Moreover, studies comparing two tests can have an unpaired or a paired design. In an unpaired design, each study subject is tested with only one of the two tests. In contrast, each study subject is tested with both tests in a paired design.
1.1.2 Test integrity
Knowledge of the true disease status of the individual must not influence the assessment of the diagnostic test. For example, if a radiologist is aware that a woman has breast cancer, she/he may scrutinize her mammogram more closely for signs of cancer, introducing a potential bias. In order to address this issue, blinding should be used. This means that the person who applies the diagnostic test must not know the true disease status, and the person who determines the true disease status (using a reference/gold standard test) must not know the test result.
Example 1.1 The Million Women Study (MW Study) is a cohort study of women’s health analysing data from more than one million women aged 50 and over (Oxford Population Health, 1996). 122’355 women between 50 and 64 years underwent a mammography and have been followed-up for a year to determine whether or not they have been diagnosed with breast cancer, confirmed via histology (the gold standard). The results are summarized in Table 1.1.

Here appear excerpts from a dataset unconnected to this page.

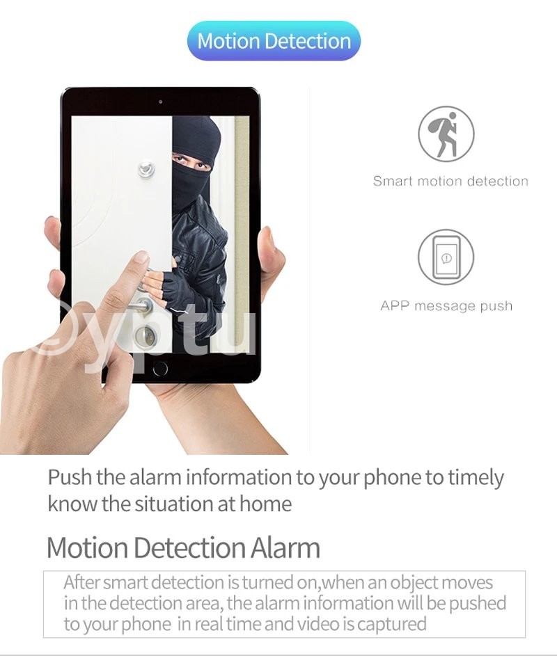 The wirless security camera will send instant movement alert to JIENUO phone app.and record in the sd card (Sound and video) . Automatically take photos and send emails,With the full alerts, we will hardly miss any improtant events going on or happened.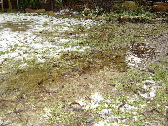 Nun musste ich feststellen, daß der Garten bei länger anhaltenden Regen zum Teil im Wasser steht. Es läuft ab, aber dieser Vorgang dauert sehr lange. Der gefallene Regen setzt einige Großflächen so unter Wasser, das sich zum Teil recht tiefe Pfützen gebildet haben.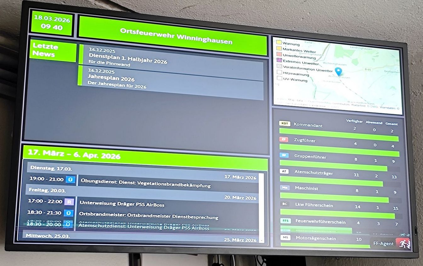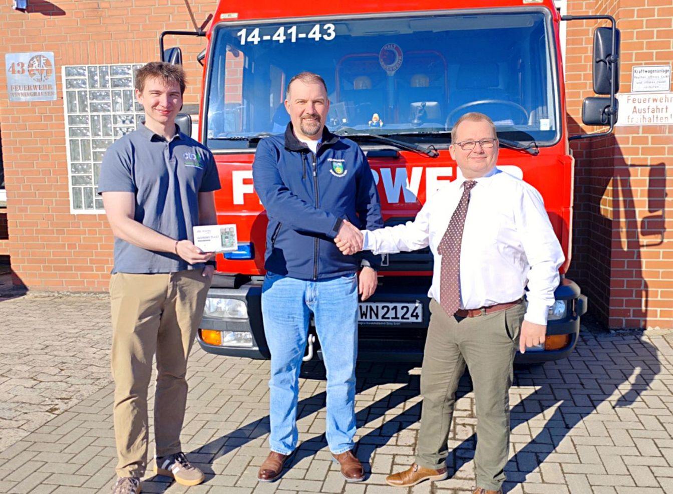 Ortsbrandmeister Daniel Steingrube bedankte sich für die schnelle Hilfe: „Bei dem Stromausfall wurde unser System beschädigt, das wir für die Alarm-App nutzen. So können die Feuerwehrleute ihre Einsatzbereitschaft zurückmelden und der Einsatzleiter weiß schneller, wer zur Verfügung steht. Es ist ein System, das die Einsatzfähigkeit bei Notlagen verbessert.“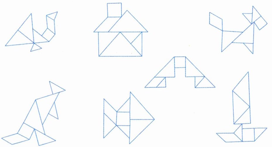 拼一拼:用七巧板拼出下面的图案;想一想:每个图案像什么?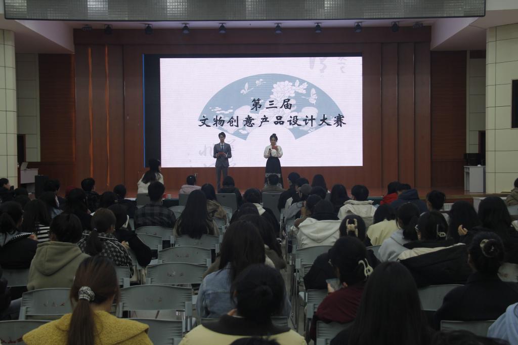 为进一步弘扬中华优秀传统文化,丰富在校老员工生活,12月8日晚,2026世界杯官方合作网站文化创意社于逸夫楼报告厅举办了第三届文物创意设计大赛决赛。决赛由教师代表姚磊、张珍珍、邓皓与员工代表于莹彬、李若岚担任评委,百余位观众到场观赛。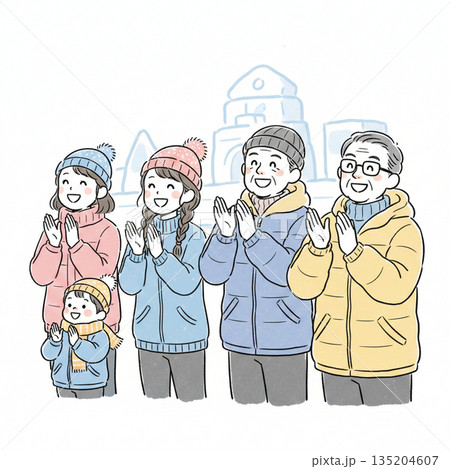 五位戴著圍巾和針織帽的男女合照。上半身插圖集。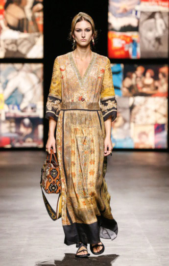 لإطلالة أكثر أناقة بفستان ريفي يناسب الخروجات المسائية، قدمت ماركة Dior هذا التصميم المميز لفستان طويل يجمع بين اللون البيج مع الأسود والبرتقالي والبني الفاتح، فيما جاء تصميم التوب بفتحة صدر على شكل حرف V وأكمام متوسطة الطول، أما التنورة فجاءت طويلة بتصميم A Line، مع أطراف باللون الأسود، تتناسق مع أساور الأكمام.
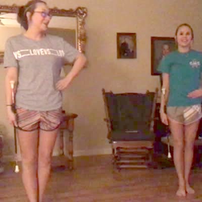 Two teen girls do a baton routine. One of them shatters the overhead light.

Mammography | no | yes | Total |
---|---|---|---|
negative | 117,744 | 97 | 117,841 |
positive | 3,885 | 629 | 4,514 |
Total | 121,629 | 726 | 122,355 |
1.2 Measures of diagnostic accuracy
The following notation is used for binary diagnostic tests:
\[\begin{eqnarray*} D & = & \left\{ \begin{array}{ll} 1 & \mbox{diseased} \\ 0 & \mbox{non-diseased} \end{array} \right. \end{eqnarray*}\]
\[\begin{eqnarray*} Y & = & \left\{ \begin{array}{ll} 1 & \mbox{test positive for disease} \\ 0 & \mbox{test negative for disease} \end{array} \right. \end{eqnarray*}\]

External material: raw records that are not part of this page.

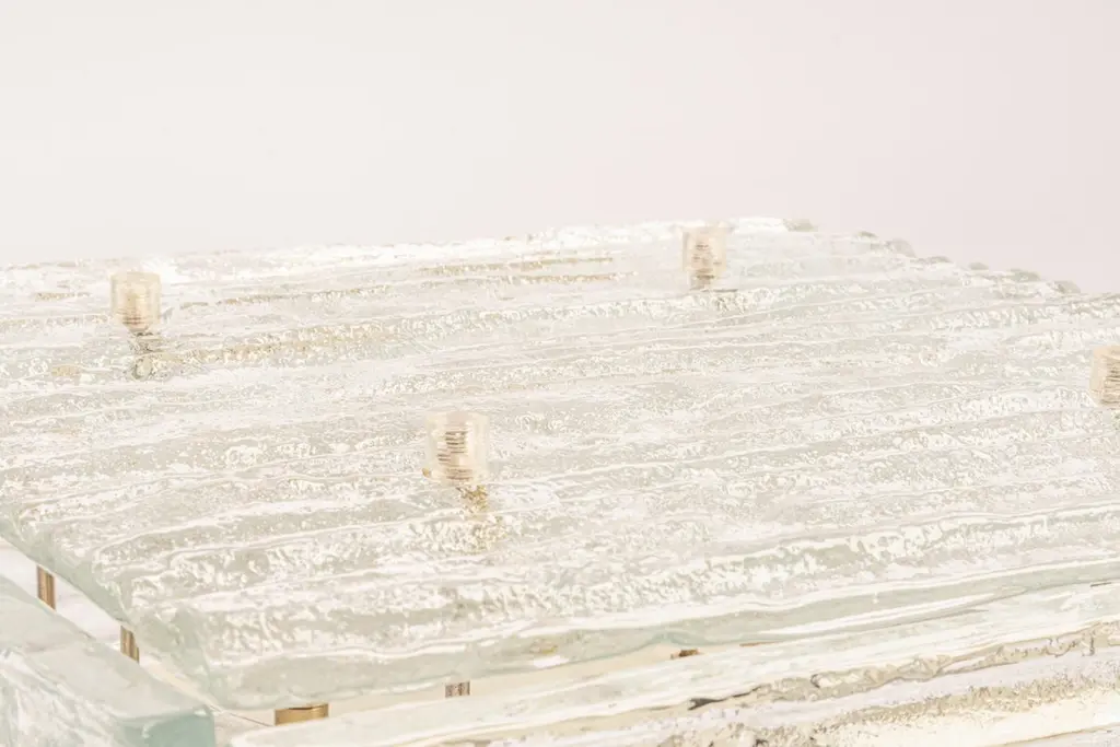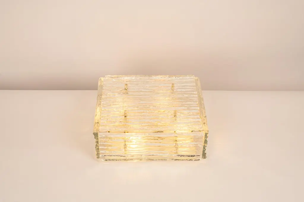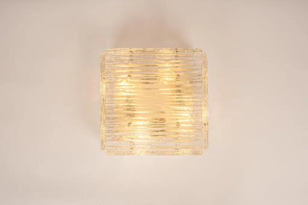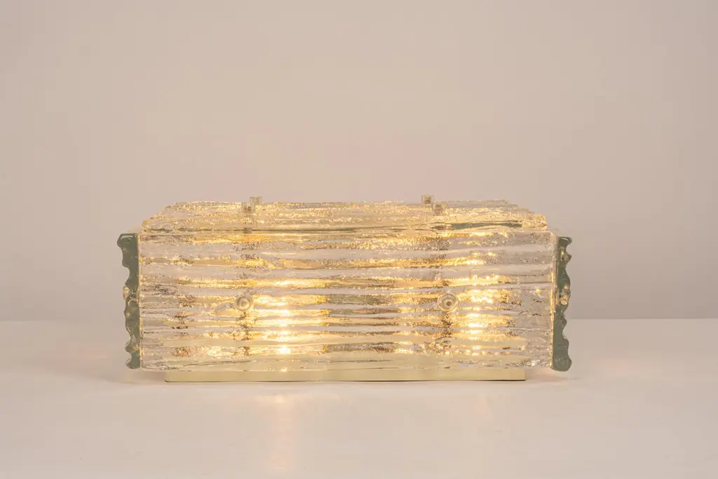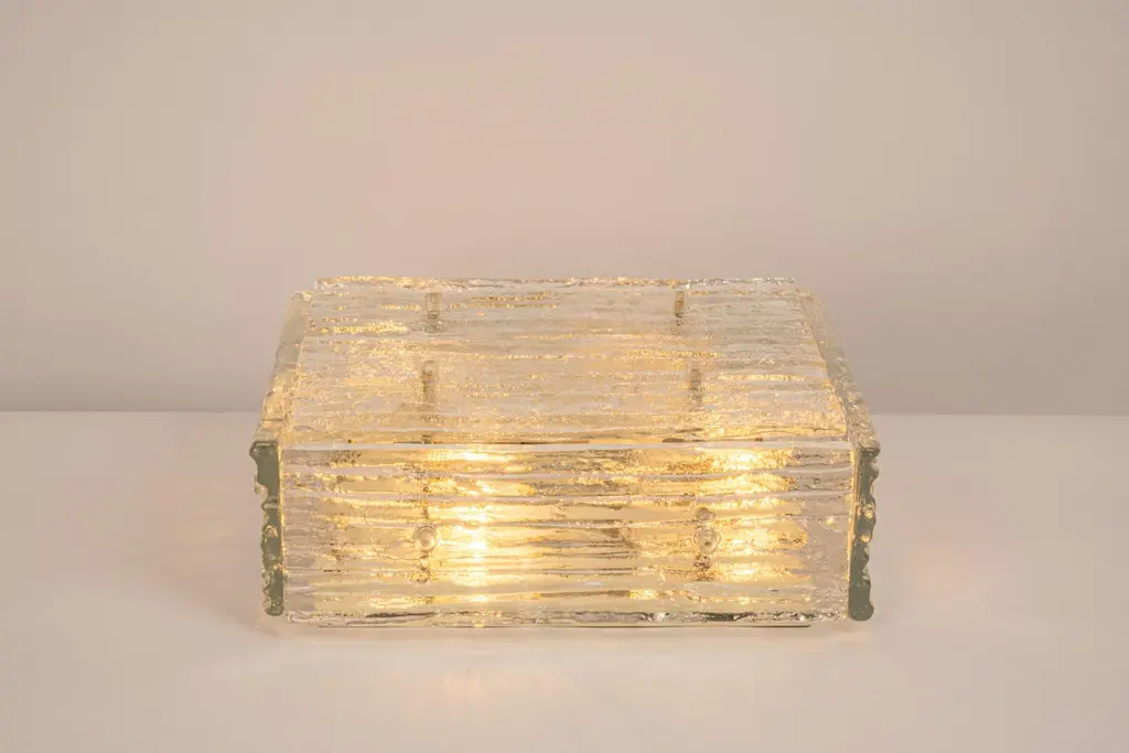 A stunning flush mount or wall light by Kalmar, Austria, manufactured in the 1960s.The flush mount is composed of 5 thick textured Murano glass elements attached to a white frame.Heavy quality and in very good condition.Cleaned, well-wired, and ready to use. Each fixture requires 4x E14 small bulbs with 40W max eachLight bulbs are not included. It is possible to install this fixture in all countries (US, UK, Europe, Asia, Australia,..)The listed price is for one item.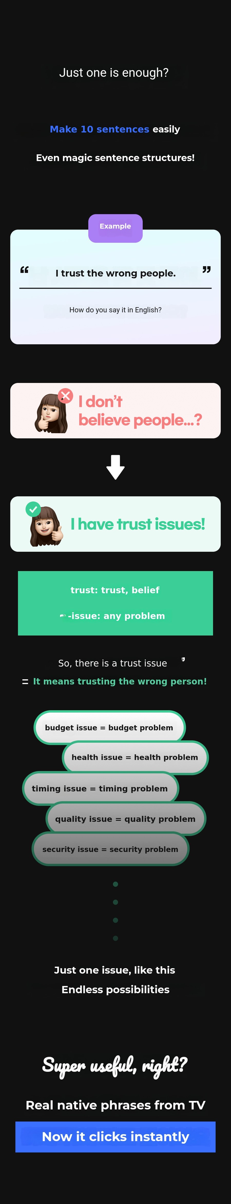 "If you just memorize like this, you'll forget it quickly and won't be able to say a word in real life, so what's the point of all this?"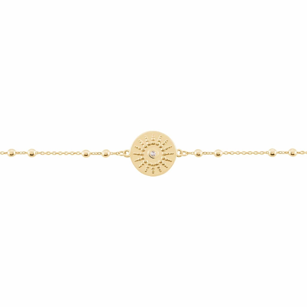 Bracelet Plaqué Or Jaune Forme Pastille Motif Soleil Effet Perle Oxyde De Zirconium 18cm

Table 1.2 introduces our notation for the counts from a simple diagnostic accuracy study with total sample size \(n\). For the data from the MW study shown in Table 1.1 we have \(tp = 629\) true positives, \(fp = 3,885\) false positives, \(tn = 117,744\) true negatives, \(fn = 97\) false negatives, and a total sample size of \(n = 122,355\).
\(D=0\) | \(D=1\) | Total | |
---|---|---|---|
\(Y=0\) | True negatives (\(tn\)) | False negatives (\(fn\)) | \(n^{-}\) |
\(Y=1\) | False positives (\(fp\)) | True positives (\(tp\)) | \(n^{+}\) |
Total | \(n_0\) | \(n_1\) | \(n\) |
1.2.1 Sensitivity and specificity
Definition 1.1 The sensitivity of a binary test is defined as
\[\begin{equation} \text{Sens} = \Pr(Y=1 \,\vert\,D=1), \end{equation}\]
that is, the probability of correctly identifying study subjects with a specific disease.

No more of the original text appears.